--- SUPPLIED MATERIAL ---
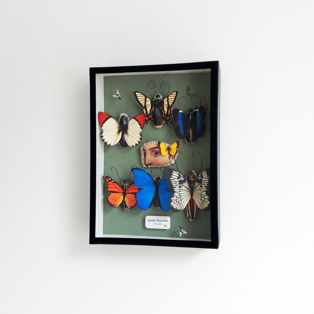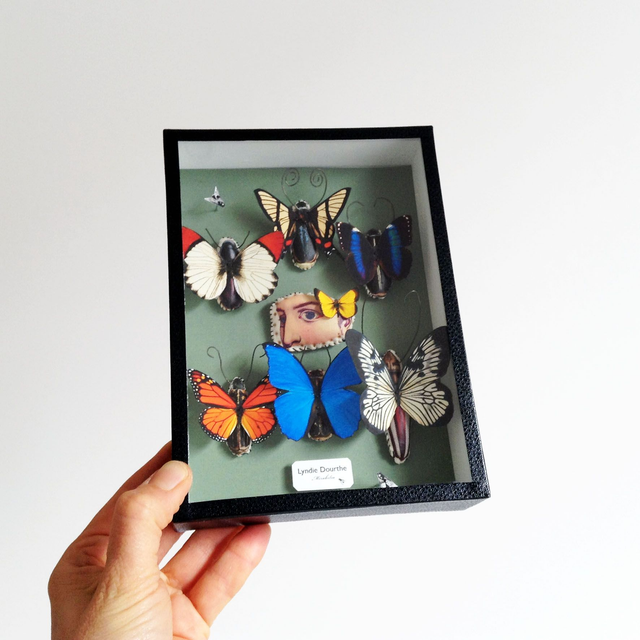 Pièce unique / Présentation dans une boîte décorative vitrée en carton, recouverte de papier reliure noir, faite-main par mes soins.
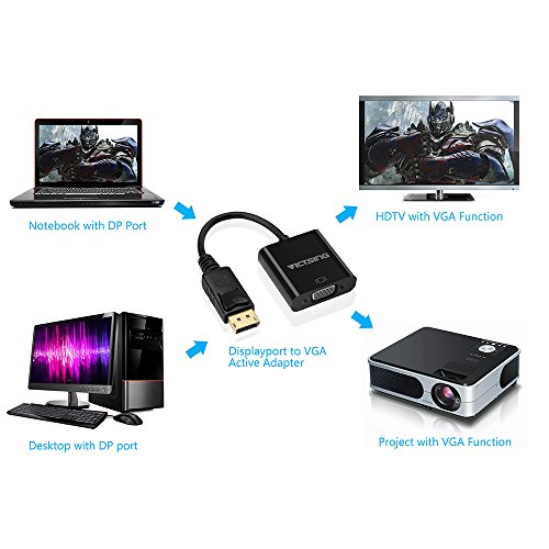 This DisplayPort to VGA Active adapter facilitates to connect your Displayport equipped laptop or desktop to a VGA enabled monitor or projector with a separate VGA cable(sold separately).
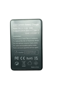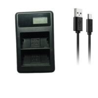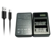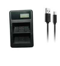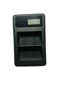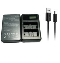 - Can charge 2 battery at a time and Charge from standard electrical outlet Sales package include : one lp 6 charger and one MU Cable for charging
---
--- SUPPLIED MATERIAL ---
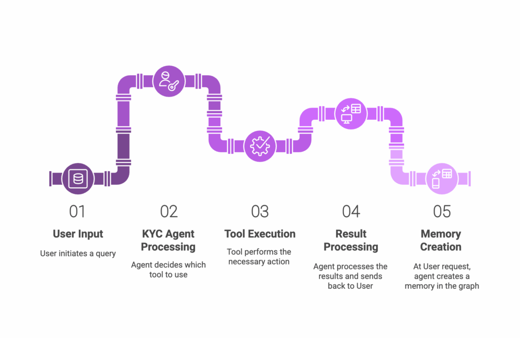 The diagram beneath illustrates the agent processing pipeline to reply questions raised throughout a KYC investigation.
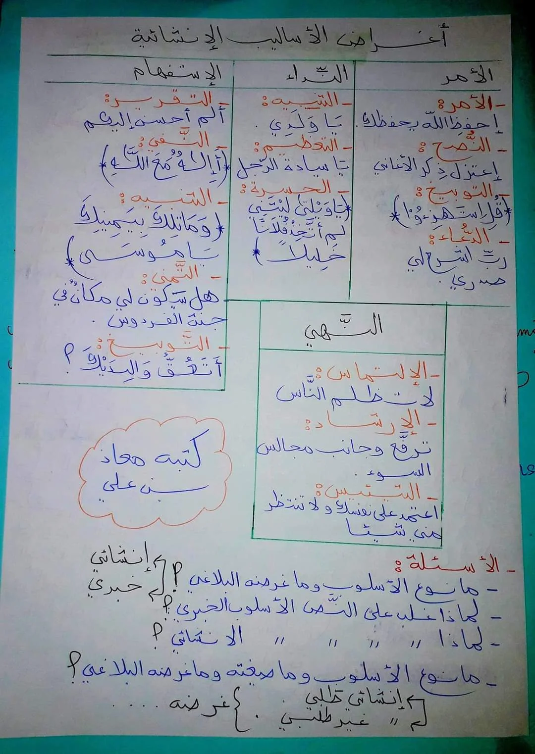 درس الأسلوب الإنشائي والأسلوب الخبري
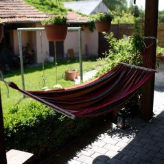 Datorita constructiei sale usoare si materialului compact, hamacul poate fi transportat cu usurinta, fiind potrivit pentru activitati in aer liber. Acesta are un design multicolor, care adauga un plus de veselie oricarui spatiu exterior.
---
WHAT YOU ARE ASKED TO DO. What you return must match, character for character, the lines above from the one with "The diagram beneath" through the one with "Datorita constructiei sale", minus any pictures.

RESPONSE TO THIS TASK.
 The diagram beneath illustrates the agent processing pipeline to reply questions raised throughout a KYC investigation.
 درس الأسلوب الإنشائي والأسلوب الخبري
 Datorita constructiei sale usoare si materialului compact, hamacul poate fi transportat cu usurinta, fiind potrivit pentru activitati in aer liber. Acesta are un design multicolor, care adauga un plus de veselie oricarui spatiu exterior.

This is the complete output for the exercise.